1 # Semantic Segmentation
3 Semantic segmentation assigns a class to each pixel of the image. It is useful for tasks such as lane detection, road segmentation etc.
5 Commonly used Training/Validation commands are listed in the file [run_segmentation.sh](../run_segmentation.sh). Uncommend one line and run the file to start the run.
7 ## Model Configurations
8 A set of common example model configurations are defined for all pixel to pixel tasks. These models can support multiple inputs (for example image and optical flow) as well as support multiple decoders for multi-task prediction (for example semantic segmentation + depth estimation + motion segmentation).
10 Whether to use multiple inputs or how many decoders to use are fully configurable. This framework is also flexible to add different model architectures or backbone networks. Some of the model configurations are currently available are:<br>
11 * **deeplabv3lite_mobilenetv2_tv**: (default) This model is mostly similar to the DeepLabV3+ model [[6]] using MobileNetV2 backbone. The difference with DeepLabV3+ is that we removed the convolutions after the shortcut and kep one set of depthwise separable convolutions to generate the prediction. The ASPP module that we used is a lite-weight variant with depthwise separable convolutions (DWASPP). We found that this reduces complexity without sacrificing accuracy. Due to this we call this model DeepLabV3+(Lite) or simply DeepLabV3Lite. (Note: The suffix "_tv" is used to indicate that our backbone model is from torchvision)<br>
12 * **fpnlite_pixel2pixel_aspp_mobilenetv2_tv**: This is similar to Feature Pyramid Network [[3]], but adapted for pixel2pixel tasks. We stop the decoder at a stride of 4 and then upsample to the final resolution from there. We also use DWASPP module to improve the receptive field. We call this model FPNPixel2Pixel.

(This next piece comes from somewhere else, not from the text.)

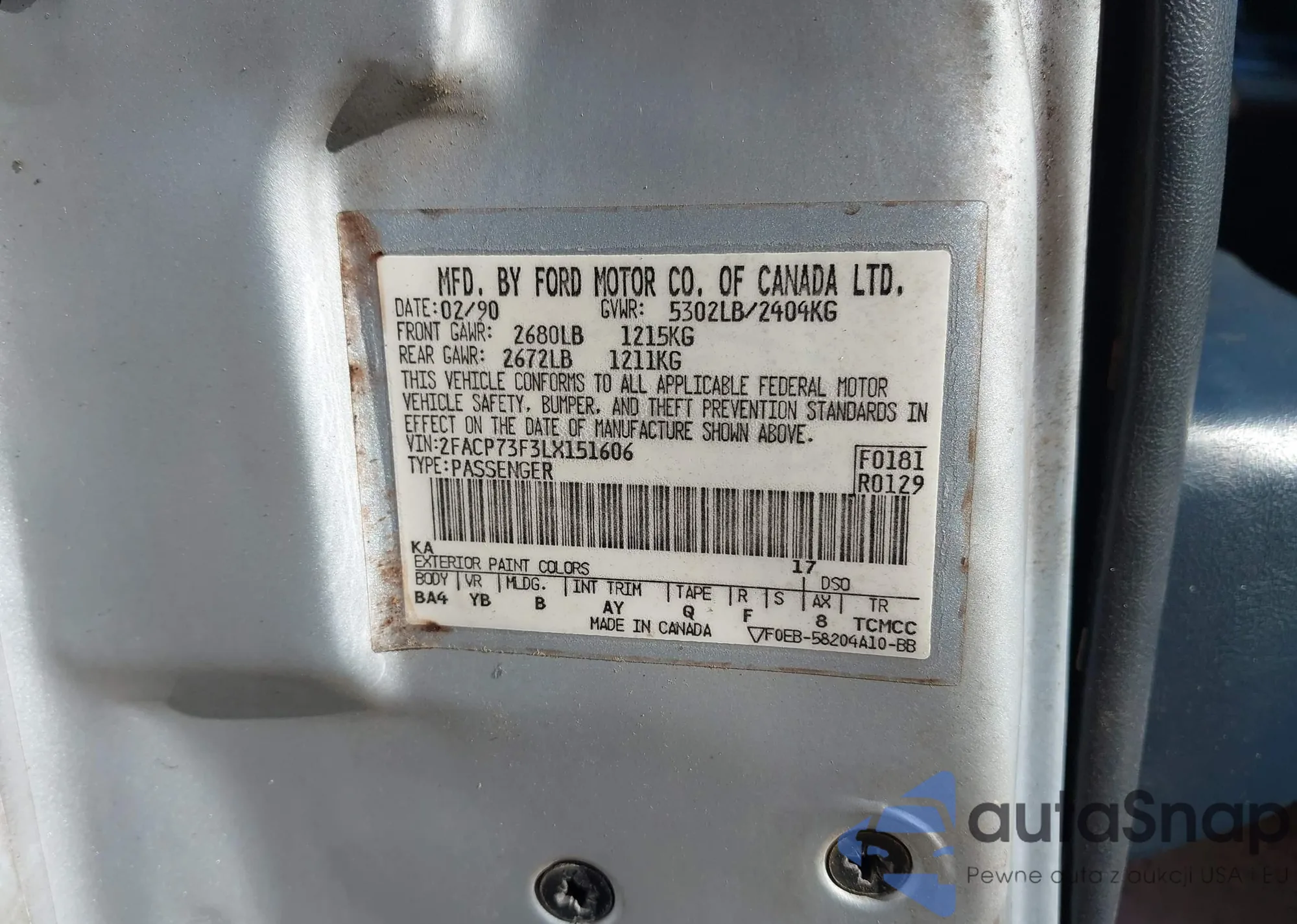 Samochód Ford Crown Victoria 1990 (VIN 2FACP73F3LX151606) sprzedaje go niezweryfikowany sprzedawca. Zalecamy raport Carfax i potwierdzenie możliwości rejestracji pojazdu przed zakupem.

13 * **fpnlite_pixel2pixel_aspp_mobilenetv2_tv_fd**: This is also FPN, but with a larger encoder stride(64). This is a low complexity model (using Fast Downsampling Strategy [8]) that can be used with higher resolutions.

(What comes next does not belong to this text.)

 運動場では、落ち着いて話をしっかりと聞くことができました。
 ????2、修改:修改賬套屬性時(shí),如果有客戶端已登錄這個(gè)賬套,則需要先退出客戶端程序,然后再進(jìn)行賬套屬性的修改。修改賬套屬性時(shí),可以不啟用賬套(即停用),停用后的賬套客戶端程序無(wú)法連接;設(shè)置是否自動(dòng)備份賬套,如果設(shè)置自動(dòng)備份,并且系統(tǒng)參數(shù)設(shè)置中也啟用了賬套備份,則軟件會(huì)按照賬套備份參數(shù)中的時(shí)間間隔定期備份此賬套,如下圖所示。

14 * **fpnlite_pixel2pixel_aspp_resnet50**: Feature Pyramid Network (FPN) based pixel2pixel using ResNet50 backbone with DWASPP.
16 ## Datasets: Cityscapes Dataset
18 * Download the Cityscapes dataset [[1]] from https://www.cityscapes-dataset.com/. You will need need to register before the data can be downloaded. Unzip the data into the folder ./data/datasets/cityscapes/data. This folder should contain leftImg8bit and gtFine folders of cityscapes.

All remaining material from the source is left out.